I have several questions on how inode number is used in linux filesystem. These questions may be related but for clearness I will ask them one by one.
Q1: Take EXT2/3 for example, from "Design and Implementation of the Second Extended Filesystem" I know that there are inode tables in block groups, and I know inode presents file, but what if there are too many files but the inode numbers are not enough? My best guess is that filesystem does nothing if all its inode numbers were exhausted. And if some file get deleted later, its inode may be recycled.
Q2: I run "df -i" on my Linux server and I get this:
Filesystem Inodes IUsed IFree IUse% Mounted on
/dev/sda1 1313280 7853 1305427 1% /
devtmpfs 0 0 0 - /dev
tmpfs 525298 4 525294 1% /dev/shm
/dev/sda2 65808 50 65758 1% /boot
/dev/sda5 1313280 146 1313134 1% /opt
/dev/sda6 655776 37 655739 1% /tmp
/dev/sda7 655776 5219 650557 1% /home
/dev/sda8 1313280 840 1312440 1% /var
/dev/sda9 655776 36529 619247 6% /usr
/dev/sda10 6432 11 6421 1% /crash
/dev/sda12 135488 11 135477 1% /usr/local/instances
tmpfs 525298 3 525295 1% /var/run/xenstored
tmpfs 525298 3 525295 1% /var/lib/xenstored
tmpfs 525298 3 525295 1% /var/lib/xend/socket
tmpfs 517536 3 517533 1% /var/run/libvirt/socket
I see that each filesystem has its own inode counts and these filesystems (like devtmpfs and tmpfs) are all mounted to root file system. I guess each filesystem have their own inode tables, but are inode numbers of different filesystems distributed in different ranges, like root filesystem is [0, N] and tmpfs is [N+1, M]?
If inode numbers of different filesystems are in different ranges (which I don't think so), how filesystems make an agreement on range division?
If inode numbers of different filesystems are generated based on the same rule (like all start from 0), can different filesystems conflict if we mount them together? As I know, inode presents files in running OS, what the OS will do if a file in root filesystem has inode number N and another file in another filesystem (like tmpfs) also has the inode number N?
PS. I'm kind of new to Linux and I'm not coming from a English-speaking country, sorry for if I didnot make clear expression. Thanks in advance.
The full unique identifier for a file is (st_dev, st_ino)
. This means that inode numbers do not have to be unique across filesystems and every file is still uniquely identified.
This is why you cannot have hardlinks that cross devices. Directory entries only contain an inode number, not a device number. So directory entries can only refer to files on the same filesystem as the directory is on.
Even if you added a device field to the directory entry, it would be meaningless and device numbers can change when you add or remove drives and only refer to a particular device while a system is running. Also, how would you uniquely number all of the devices in the entire world.

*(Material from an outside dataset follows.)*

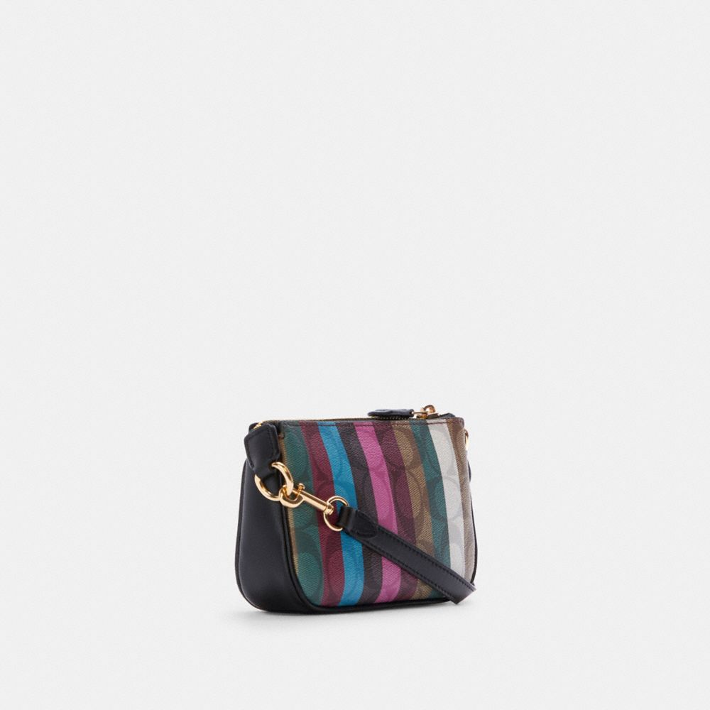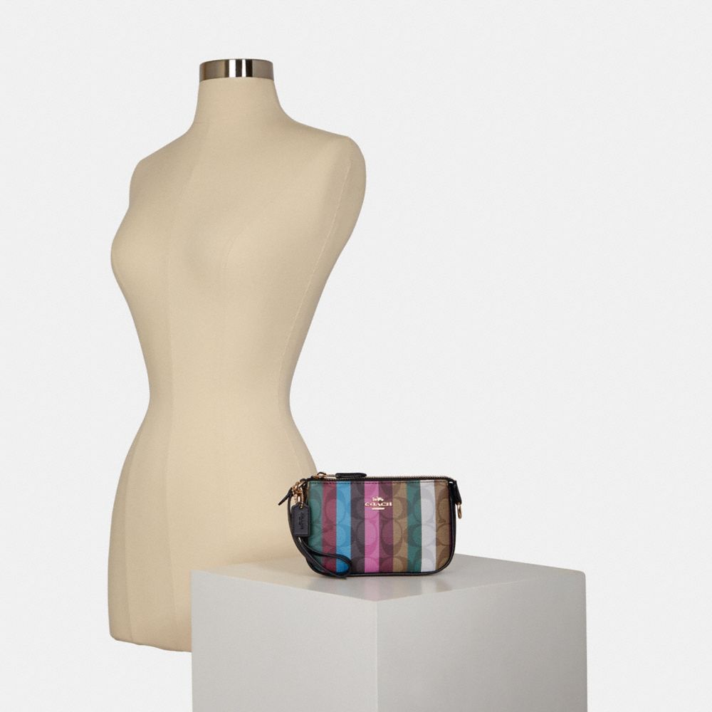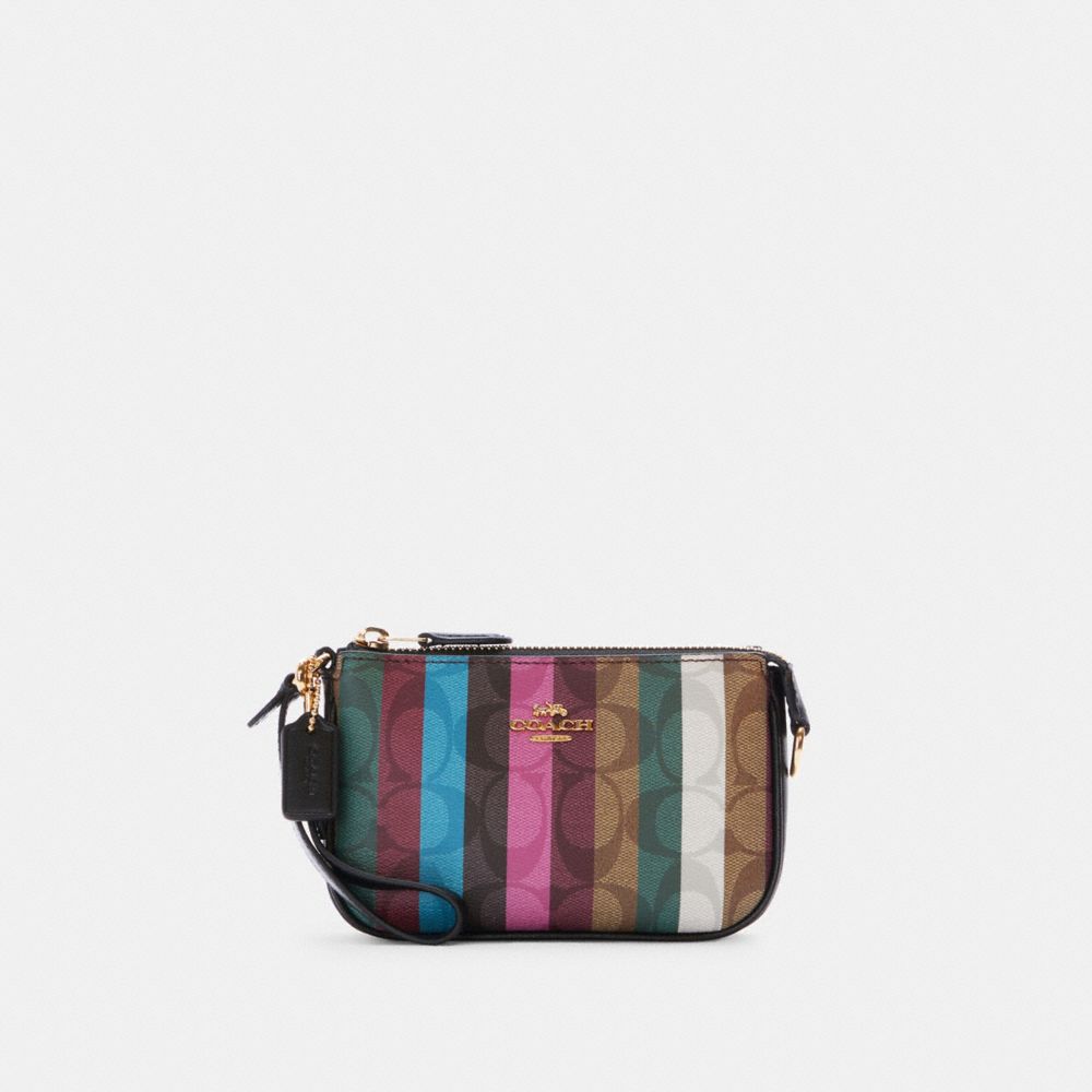 Signature coated canvas and smooth leather| Two credit card slots| Zip-top closure, fabric lining| Handle with 4 1/2" drop| 6" (L) x 4" (H) x 1 1/2" (W)Style No. C6021

With USB drives, for example, you can take a given device from machine to machine. How would you ensure the device numbers stayed the same so the links still worked?
Lastly, not all filesystem types have a fixed quantity of inode numbers. reiserfs and (I believe) btrfs dynamically allocate new inodes as needed, and so the total inodes field of the filesystem doesn't really reflect any sort of useful value.